In sum, respect and deference are things that people have to earn and receive from others by their moral and other worthwhile achievements. They are not things that can be conferred on everyone alike by ministerial fiat, any more than they can by the creation of some government funded equal respect and deference commission charged with statutory powers to require everyone to undergo respect-sensitivity training.
Comments (2)
This announcement on 'yobs' is only so much bunkum, on so many levels.
Firstly, I can't remember a time when security guards in private, roofed places did not make people take off their hats
Secondly, these children of Blair, risen under his regime, disregard 'respect' because they have received no respect. The law is ever more an arbitrary device that is not based upon reason, but upon whimsical caprice.
If a state rules with a rod of iron, rather than convincing citizens of the reason for cooperation in the joint endeavour of the nation, then they will receive the most minimal cooperation. Whenever the rules can be twisted or broken without repercussion, they shall.
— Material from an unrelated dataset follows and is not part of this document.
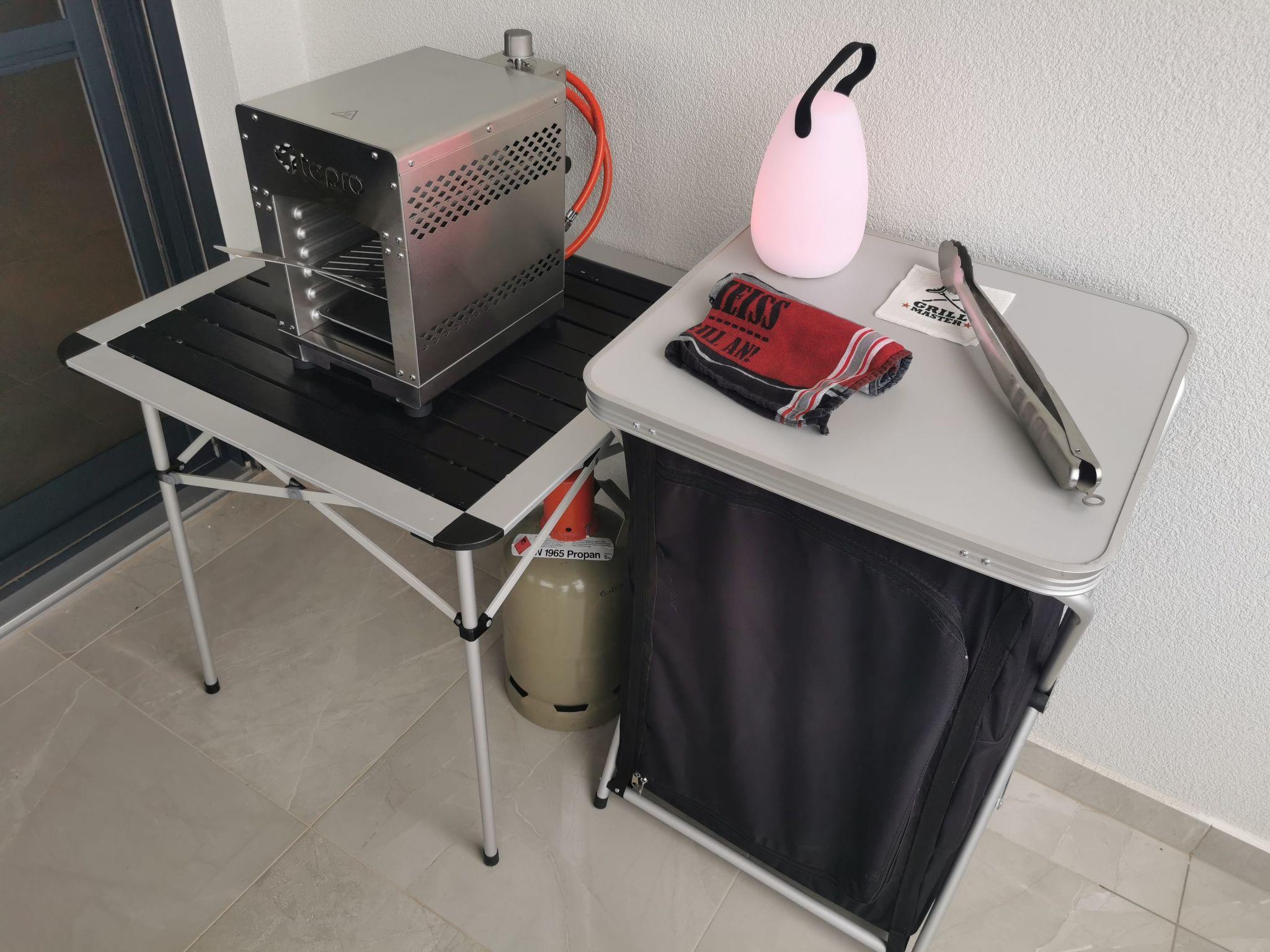 The thoughtful interior design includes partial air conditioning and underfloor heating in all areas, ensuring a pleasant indoor climate, whether on warm summer days or cooler nights. Two fans are available in the rooms to provide a light breeze and additional comfort.

We, the denizens of this state, have no real in-put into the running of our country, yet we are ever more controlled by overarching authority. This is the effect, not of oppression, but of 'domination' (Marion Young). We are not empowered, we are ruled.
If you want people to respect the rules, you have to give them a stake in them. 'Stakeholder Society' arose as a term at precisely the time it was taken away from us. We all know that the jury-rigged 'consultations' only favour those whom the government wants to be consulted - plain and simply.
Lastly, to be tough 'on the causes of crime' does not mean sending children to prison for dropping litter before they can progress to more serious crime, but thinking: Why are these kids hanging around on street corners or in malls? Is there no where else for them to go? Being tough on the causes of crime means opening up a youth drop-in centre in Bluewater where regular members of staff can build up a dialogue with the kids to help provide for their needs which would make the kids better understand the needs of others and stop them loitering pointlessly.
Why do I feel that these continual press annoucements are just a way of creating a one-way dialgoue with 'the people' (ala Mussolini) and of sowing fear and dissent, giving Labour both popularity and power?
Posted by Chas | May 23, 2005 11:12 PM
Posted on May 23, 2005 23:12
You are right to say that one of the contributory factos in the decline in respect has been the decline of marriage etc. Yet, there are other contextual cultural factors which are having an equally important affect. The role of the popular media and its relentless obsession with celebrity etc is creating a cultural context in which the totemic symbols which define our culture are at best ambiguous in relation to the fostering of culture of respect and at worst profoundly inimical to it.